GPU Node Setup

Provide raw inference power to the OpenBytes network. We support multi-vendor architectures and containerized deployments.

Hardware Requirements

To ensure consistent performance for consumer agents, nodes must meet the following minimum specifications:

GPU Models

NVIDIA A100, H100, RTX 4090, or RTX 3090 (24GB+ VRAM recommended).

Internet Link

Minimum 1Gbps symmetrical connection for reliable model loading.

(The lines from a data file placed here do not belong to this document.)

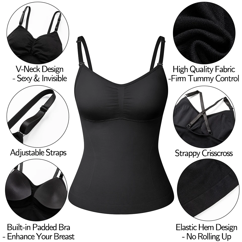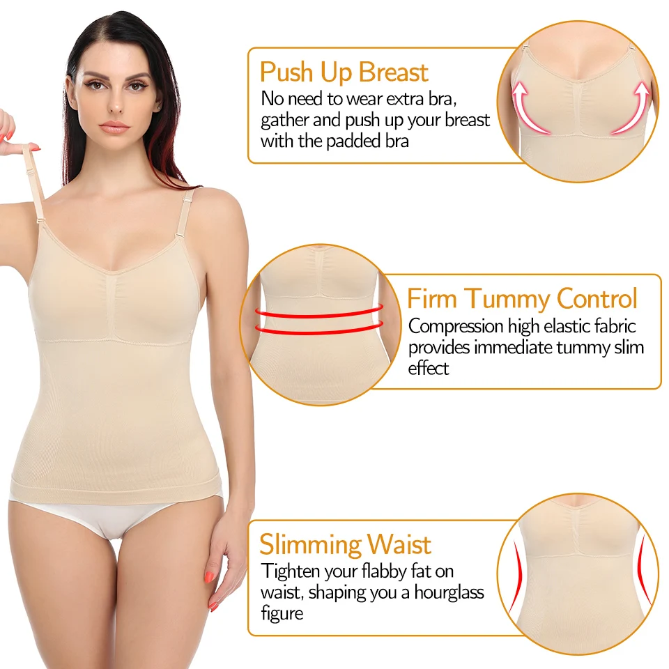 Купить Slimming Shapewear Camisole for Women Tummy Control Built in Bra Tank Top with Adjustable Spaghetti Strap Compression Vest Cami за 450рублей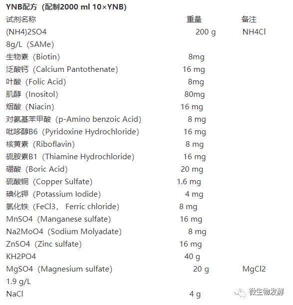 YNB配方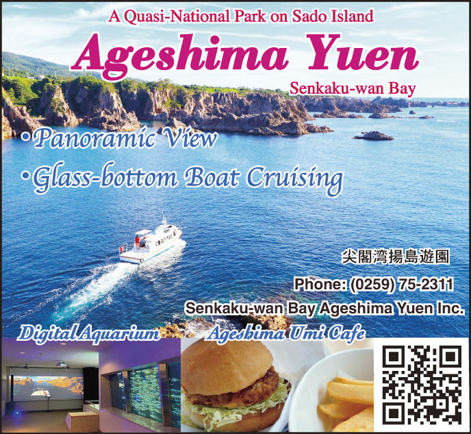 Senkakuwan Bay, a designated Scenic Beauty in Sado-Yahiko-Yoneyama Quasi-National Park, offers breathtaking views of dramatic coastal scenery. Visitors can explore underwater wonders aboard a glass-bottom boat in the marine park zone. The digitally renovated aquarium showcases marine life native to the surrounding waters. Entrance and boarding set fee is ¥1,600, which includes access to the scenic viewpoints, visits to the digital aquarium and cave projection mapping, as well as a 15-minute glass-bottom boat cruise. Visitors can also enjoy feeding seagulls with kappa ebisen from the boat. The Ageshima Umi Café is also available on site, serving a variety of lunch options.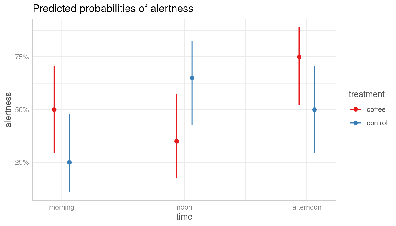 As we can see, the predicted probabilities of alertness are higher for participants who consumed coffee compared to those who did not, but only in the morning and in the afternoon. Furthermore, we see differences between the coffee and the control group at each time point - but are these differences statistically significant?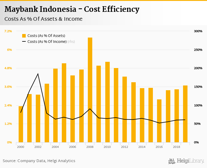 Maybank Indonesia's cost to income ratio reached 60.7% in 2019, up from 60.0% compared to the previous year.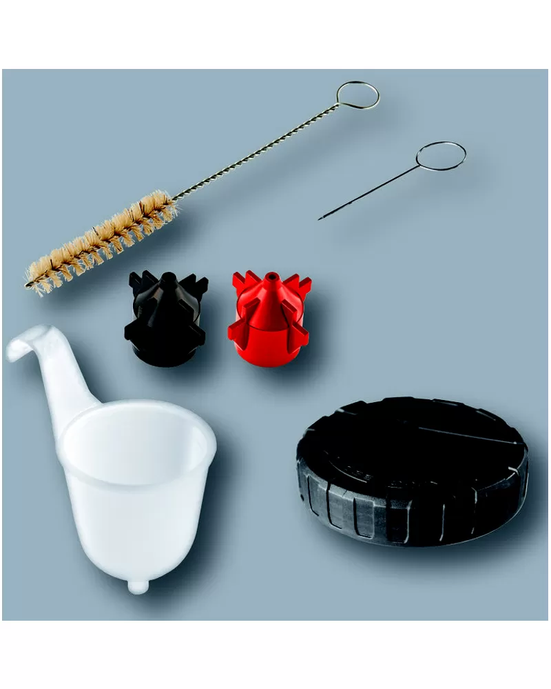 • Součástí dodávky je rovněž čisticí kartáč pro čištění stoupací trubky, čisticí jehla pro čištění rozstřikovací trysky a nádoba na barvu o objemu 800 ml, kterou lze po dokončení práce čistým způsobem uzavřít pomocí přiloženého víka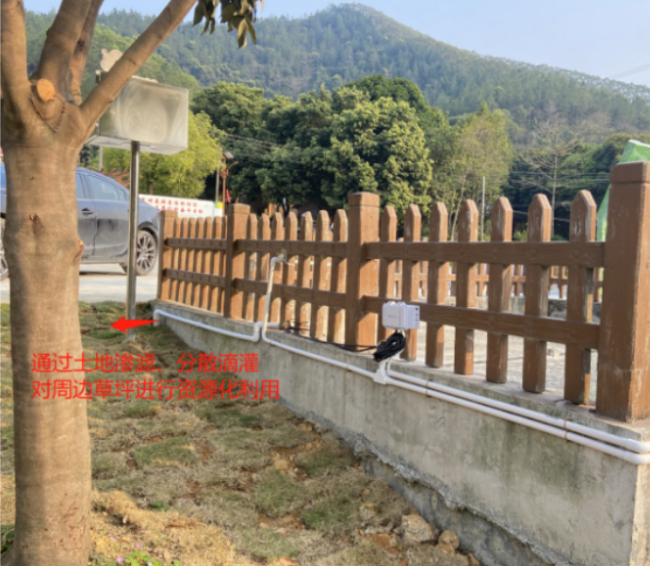 因村内常住人口不多,导致污水量偏少,湿地植物长势较差,运行效率不高。为了更好发挥设施效益,因地制宜调整为资源化利用模式,将原有设施改造为资源化利用预处理设施(湿地池改为滤池),并增加太阳能水泵作为利用设施。生活污水经预处理后提升至周边广场绿地,通过土地渗滤、分散滴灌的形式用于绿化灌溉。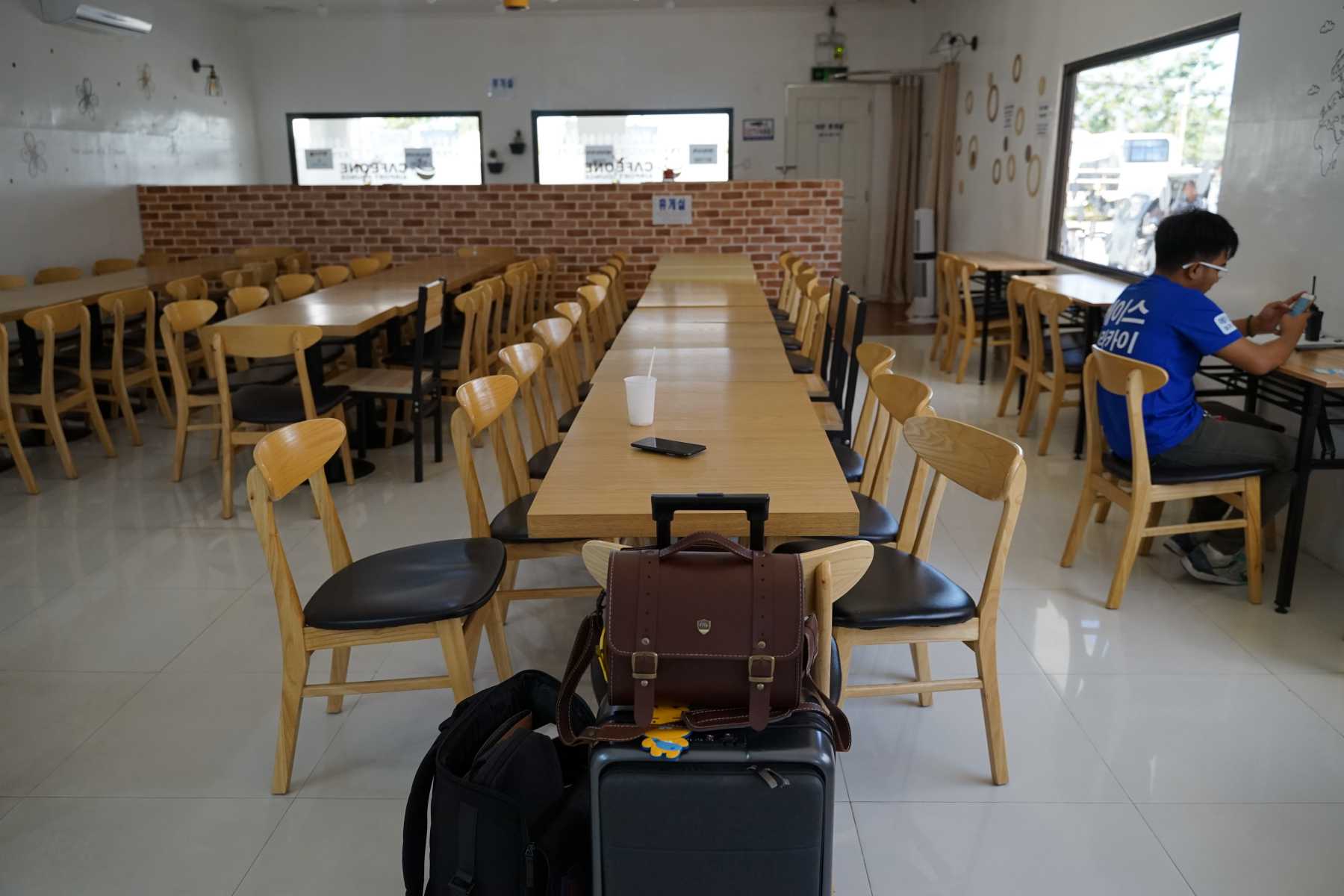 여기가 모이는 장소. 카페원이라는 곳인데, 여기에 다 모여서 출발하더라고요. 카페이면서 동시에 공항 라운지로서의 기능을 합니다.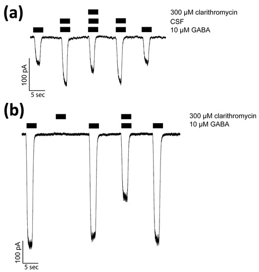 - Bichler, E.K.; Elder, C.C.; García, P.S. Clarithromycin increases neuronal excitability in CA3 pyramidal neurons through a reduction in GABAergic signaling. J. Neurophysiol. 2017, 117, 93–103. [Google Scholar] [CrossRef] [PubMed]
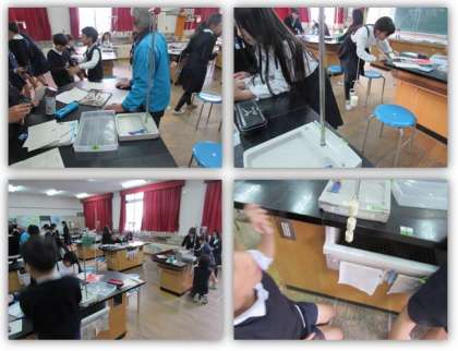 5年生の理科の学習です。振り子実験装置を作り、実際におもりをゆらして、振り子のゆれが一定の時間でくり返すかどうかを調べました。

Starting the Inference Server

The OpenBytes network routes requests that include tool definitions, which require vLLM to be started with auto tool-choice enabled. Plain vllm serve will return a 400 BadRequestError for those calls. Always launch vLLM with the flags below:

vllm serve Qwen/Qwen2.5-7B-Instruct \
  --host 0.0.0.0 \
  --port 8000 \
  --enable-auto-tool-choice \
  --tool-call-parser hermes

--enable-auto-tool-choice

Allows the model to automatically decide when to invoke a tool. Required whenever a request includes a tools array.

--tool-call-parser hermes

Selects the Hermes tool-call parser, compatible with Qwen 2.5 and other Hermes-format instruction-tuned models.

Node Setup & Registration

Your GPU node should expose an HTTP inference endpoint compatible with the OpenAI Chat Completions style (or another supported backend). Once the endpoint is reachable, register the node with the OpenBytes registry so the router can start sending traffic.

curl -sS -X POST "<BASE_URL>/v1/suppliers/gpu" \
  -H "Content-Type: application/json" \
  -d '{
    "wallet_address": "<SUPPLIER_WALLET>",
    "models": ["gpt-4o", "gpt-4o-mini"],
    "price_per_million_tokens": "5.00",
    "max_requests_per_hour": 1000,
    "endpoint": {
      "base_url": "https://gpu-node.example.com",
      "backend_type": "openai_http",
      "timeout": 30000,
      "auth_type": "bearer",
      "auth_value": "node-access-token",
      "health_endpoint": "/healthz"
    }
  }'

Required Parameters

wallet_address

Payout address for rewards and the identity bound to this node.

models

Model identifiers you serve from this node (must match what the gateway expects).

price_per_million_tokens

Your price in USDC per 1M tokens. Used by the router for cost-aware routing.

max_requests_per_hour

Soft capacity limit for rate-limiting and routing protection.

endpoint

base_url

Public URL the gateway can reach (TLS recommended).

backend_type

Backend protocol type. Typical value: openai_http.

timeout

Request timeout in milliseconds.

auth_type / auth_value

How the gateway authenticates to your node (e.g. Bearer token).

health_endpoint

Health check path used for monitoring (example: /healthz).

Auto-Scaling

Scale node power dynamically based on network demand.

Health Checks

Periodic uptime and latency checks to maintain routing priority.

Metering

Per-token billing settled instantly on the blockchain.